What you need to do — Write out the listing from the line with "今晨,歐聯杯聯賽階段第8輪即" to the line with "Certificate of Examination", both lines included, exactly and nothing beyond. Leave pictures out.

Provided entries —
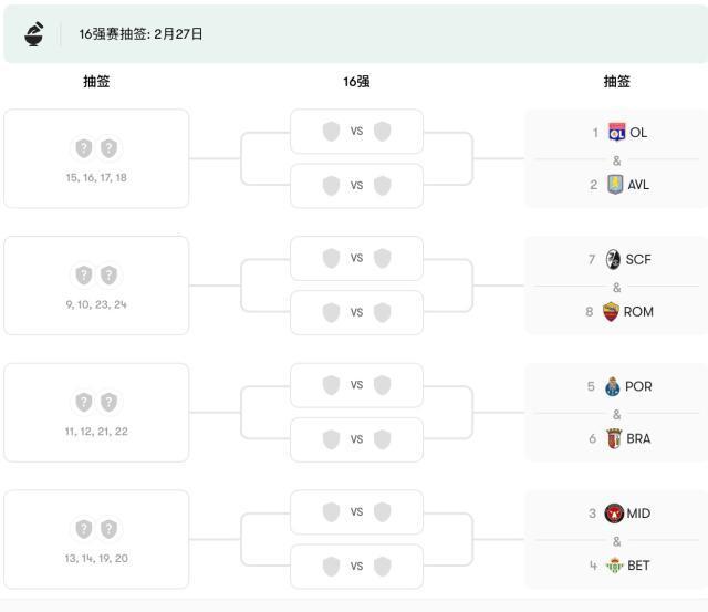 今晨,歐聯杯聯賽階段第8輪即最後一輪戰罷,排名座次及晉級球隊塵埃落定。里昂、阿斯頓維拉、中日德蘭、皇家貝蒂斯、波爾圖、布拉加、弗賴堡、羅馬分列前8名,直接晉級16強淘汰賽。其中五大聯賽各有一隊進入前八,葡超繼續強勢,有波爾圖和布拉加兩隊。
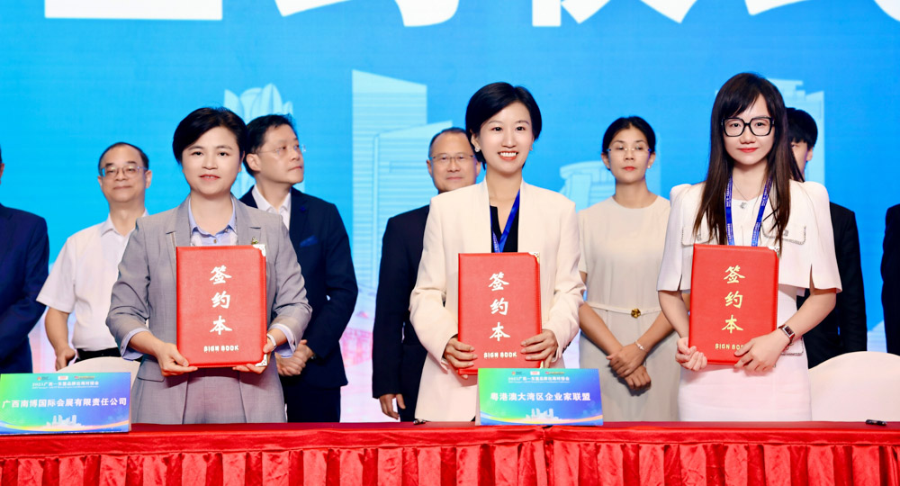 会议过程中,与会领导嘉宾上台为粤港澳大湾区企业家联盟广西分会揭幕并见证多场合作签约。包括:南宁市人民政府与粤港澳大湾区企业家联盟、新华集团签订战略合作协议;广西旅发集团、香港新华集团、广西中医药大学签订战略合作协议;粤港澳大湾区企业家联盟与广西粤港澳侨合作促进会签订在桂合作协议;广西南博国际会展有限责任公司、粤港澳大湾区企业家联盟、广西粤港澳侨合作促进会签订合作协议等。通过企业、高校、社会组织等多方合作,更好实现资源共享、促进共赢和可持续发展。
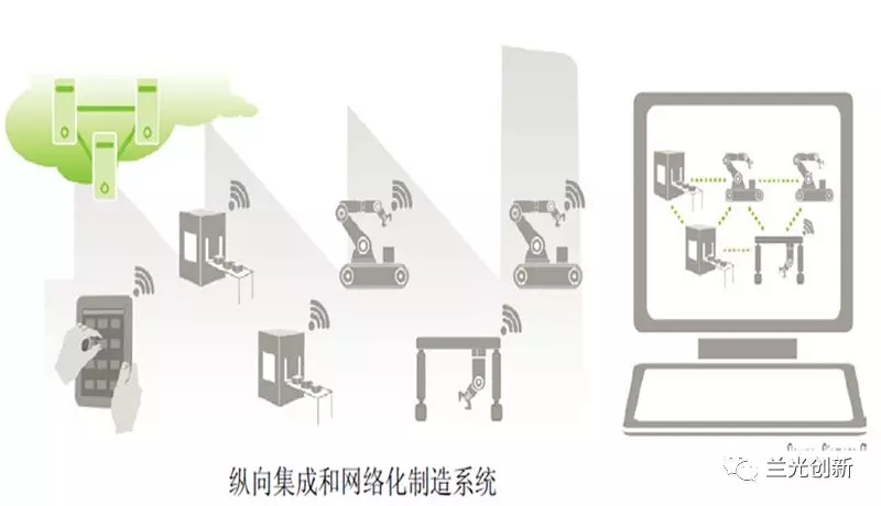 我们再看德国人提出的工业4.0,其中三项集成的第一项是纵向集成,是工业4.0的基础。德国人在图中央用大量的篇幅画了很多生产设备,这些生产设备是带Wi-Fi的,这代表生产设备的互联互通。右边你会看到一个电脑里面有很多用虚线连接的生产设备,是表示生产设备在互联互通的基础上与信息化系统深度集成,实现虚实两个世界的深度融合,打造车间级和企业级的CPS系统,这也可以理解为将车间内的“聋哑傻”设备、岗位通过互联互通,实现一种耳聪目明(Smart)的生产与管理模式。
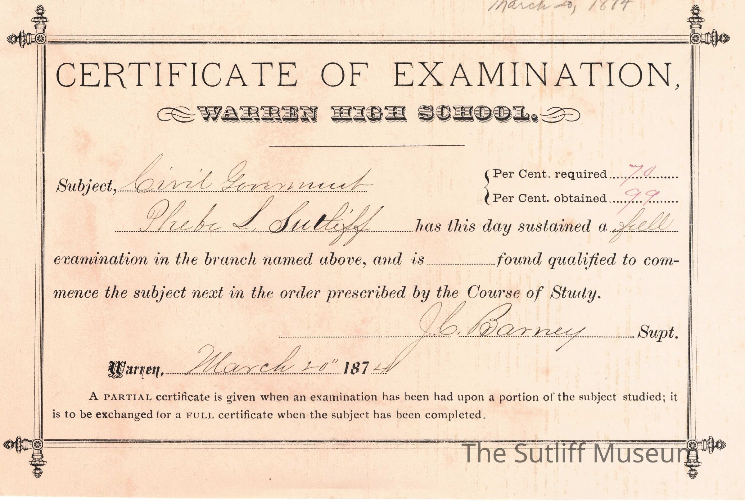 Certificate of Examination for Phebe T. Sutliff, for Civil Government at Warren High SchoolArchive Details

--

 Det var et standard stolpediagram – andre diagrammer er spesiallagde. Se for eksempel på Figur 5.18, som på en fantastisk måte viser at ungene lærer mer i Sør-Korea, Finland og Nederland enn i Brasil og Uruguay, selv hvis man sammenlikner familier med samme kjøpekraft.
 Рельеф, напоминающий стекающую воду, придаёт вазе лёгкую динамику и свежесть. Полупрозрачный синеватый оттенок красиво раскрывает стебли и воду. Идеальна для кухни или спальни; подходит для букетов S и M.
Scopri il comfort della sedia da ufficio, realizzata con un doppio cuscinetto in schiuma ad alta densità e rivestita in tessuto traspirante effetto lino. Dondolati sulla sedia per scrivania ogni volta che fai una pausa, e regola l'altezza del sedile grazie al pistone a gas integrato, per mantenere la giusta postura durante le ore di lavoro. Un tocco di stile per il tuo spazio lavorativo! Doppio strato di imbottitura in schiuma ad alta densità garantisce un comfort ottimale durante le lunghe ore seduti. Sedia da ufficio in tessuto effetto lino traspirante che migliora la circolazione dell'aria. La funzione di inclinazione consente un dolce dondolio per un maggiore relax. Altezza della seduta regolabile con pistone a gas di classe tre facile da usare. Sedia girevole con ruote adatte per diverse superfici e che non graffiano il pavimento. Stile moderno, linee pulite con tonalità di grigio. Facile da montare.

---

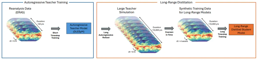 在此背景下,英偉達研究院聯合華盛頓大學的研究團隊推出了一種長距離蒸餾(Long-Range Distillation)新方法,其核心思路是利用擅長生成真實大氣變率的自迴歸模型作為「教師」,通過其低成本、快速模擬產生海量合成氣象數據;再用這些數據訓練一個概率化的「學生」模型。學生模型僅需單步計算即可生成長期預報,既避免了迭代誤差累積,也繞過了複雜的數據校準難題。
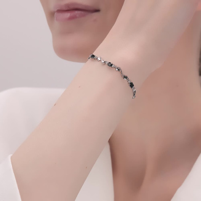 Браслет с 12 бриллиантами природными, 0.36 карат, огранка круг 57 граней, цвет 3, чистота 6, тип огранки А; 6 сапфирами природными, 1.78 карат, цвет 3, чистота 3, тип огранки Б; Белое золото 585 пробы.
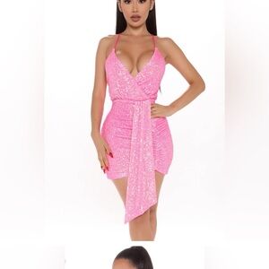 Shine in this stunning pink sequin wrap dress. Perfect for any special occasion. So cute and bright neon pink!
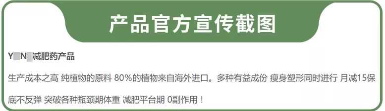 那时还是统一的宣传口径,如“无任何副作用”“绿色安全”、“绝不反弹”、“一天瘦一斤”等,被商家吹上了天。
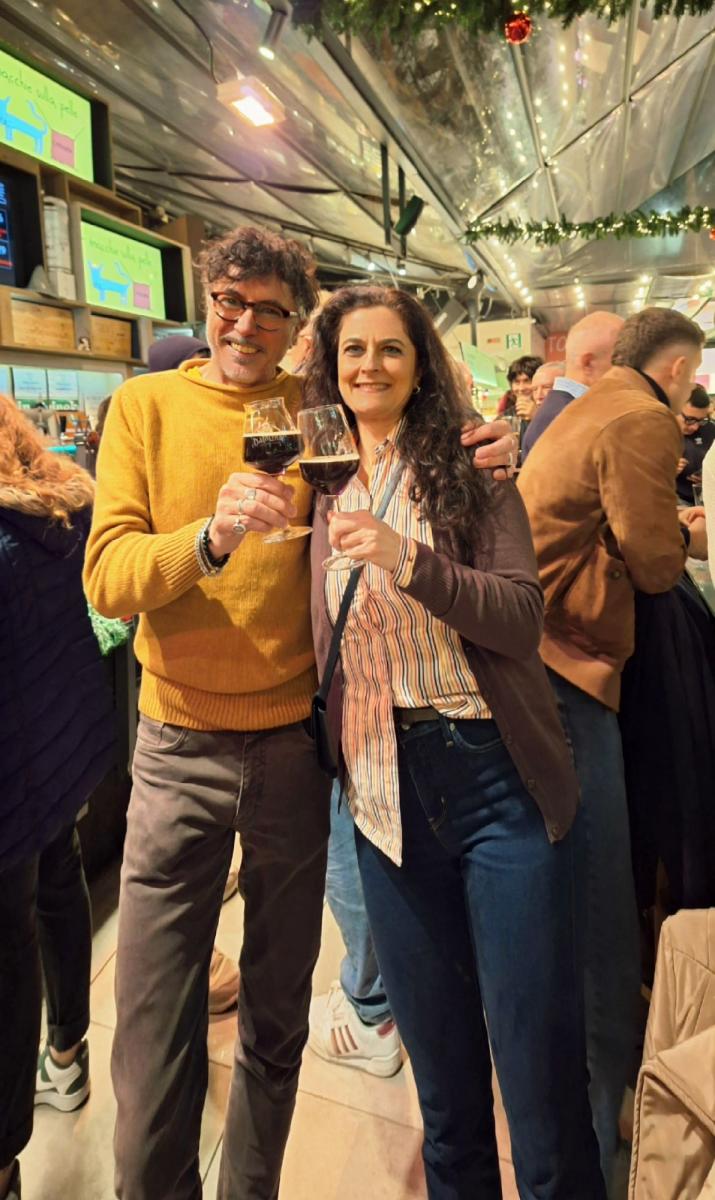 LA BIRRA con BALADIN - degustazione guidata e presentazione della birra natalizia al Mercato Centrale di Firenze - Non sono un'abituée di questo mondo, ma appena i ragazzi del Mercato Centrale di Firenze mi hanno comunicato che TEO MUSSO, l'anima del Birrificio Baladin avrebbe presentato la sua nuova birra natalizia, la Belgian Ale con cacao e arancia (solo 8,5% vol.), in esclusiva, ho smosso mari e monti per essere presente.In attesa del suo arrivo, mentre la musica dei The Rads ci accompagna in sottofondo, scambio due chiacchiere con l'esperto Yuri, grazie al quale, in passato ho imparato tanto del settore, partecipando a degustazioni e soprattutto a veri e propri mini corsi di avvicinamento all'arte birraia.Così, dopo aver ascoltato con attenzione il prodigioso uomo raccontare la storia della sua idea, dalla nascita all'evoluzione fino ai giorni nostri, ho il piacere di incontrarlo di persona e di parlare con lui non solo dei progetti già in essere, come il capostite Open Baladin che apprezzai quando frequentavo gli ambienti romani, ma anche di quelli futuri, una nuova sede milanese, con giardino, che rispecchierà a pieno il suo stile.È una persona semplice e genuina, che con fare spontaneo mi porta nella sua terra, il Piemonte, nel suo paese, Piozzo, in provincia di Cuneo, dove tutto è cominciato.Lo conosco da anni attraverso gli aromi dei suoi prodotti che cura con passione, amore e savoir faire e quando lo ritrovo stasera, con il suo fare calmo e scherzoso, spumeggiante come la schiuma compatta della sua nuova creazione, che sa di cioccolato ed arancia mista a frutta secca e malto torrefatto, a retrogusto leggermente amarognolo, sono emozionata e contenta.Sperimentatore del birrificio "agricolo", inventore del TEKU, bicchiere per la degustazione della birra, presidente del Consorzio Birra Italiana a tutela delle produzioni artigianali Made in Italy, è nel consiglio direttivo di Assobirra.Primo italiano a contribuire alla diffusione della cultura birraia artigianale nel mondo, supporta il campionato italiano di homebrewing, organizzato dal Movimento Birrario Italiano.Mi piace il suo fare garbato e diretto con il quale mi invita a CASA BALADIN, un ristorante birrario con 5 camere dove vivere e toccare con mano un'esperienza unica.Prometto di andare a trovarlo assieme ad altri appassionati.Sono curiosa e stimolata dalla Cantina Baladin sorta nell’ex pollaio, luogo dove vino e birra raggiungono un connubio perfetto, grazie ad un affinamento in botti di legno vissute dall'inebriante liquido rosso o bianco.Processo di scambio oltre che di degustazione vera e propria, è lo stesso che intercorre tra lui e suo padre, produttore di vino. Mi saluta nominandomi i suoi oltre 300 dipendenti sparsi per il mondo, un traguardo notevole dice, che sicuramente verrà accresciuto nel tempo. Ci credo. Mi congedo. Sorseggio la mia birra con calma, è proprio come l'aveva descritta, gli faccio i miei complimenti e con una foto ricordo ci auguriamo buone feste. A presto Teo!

Problem solution —
 今晨,歐聯杯聯賽階段第8輪即最後一輪戰罷,排名座次及晉級球隊塵埃落定。里昂、阿斯頓維拉、中日德蘭、皇家貝蒂斯、波爾圖、布拉加、弗賴堡、羅馬分列前8名,直接晉級16強淘汰賽。其中五大聯賽各有一隊進入前八,葡超繼續強勢,有波爾圖和布拉加兩隊。
 会议过程中,与会领导嘉宾上台为粤港澳大湾区企业家联盟广西分会揭幕并见证多场合作签约。包括:南宁市人民政府与粤港澳大湾区企业家联盟、新华集团签订战略合作协议;广西旅发集团、香港新华集团、广西中医药大学签订战略合作协议;粤港澳大湾区企业家联盟与广西粤港澳侨合作促进会签订在桂合作协议;广西南博国际会展有限责任公司、粤港澳大湾区企业家联盟、广西粤港澳侨合作促进会签订合作协议等。通过企业、高校、社会组织等多方合作,更好实现资源共享、促进共赢和可持续发展。
 我们再看德国人提出的工业4.0,其中三项集成的第一项是纵向集成,是工业4.0的基础。德国人在图中央用大量的篇幅画了很多生产设备,这些生产设备是带Wi-Fi的,这代表生产设备的互联互通。右边你会看到一个电脑里面有很多用虚线连接的生产设备,是表示生产设备在互联互通的基础上与信息化系统深度集成,实现虚实两个世界的深度融合,打造车间级和企业级的CPS系统,这也可以理解为将车间内的“聋哑傻”设备、岗位通过互联互通,实现一种耳聪目明(Smart)的生产与管理模式。
 Certificate of Examination for Phebe T. Sutliff, for Civil Government at Warren High SchoolArchive Details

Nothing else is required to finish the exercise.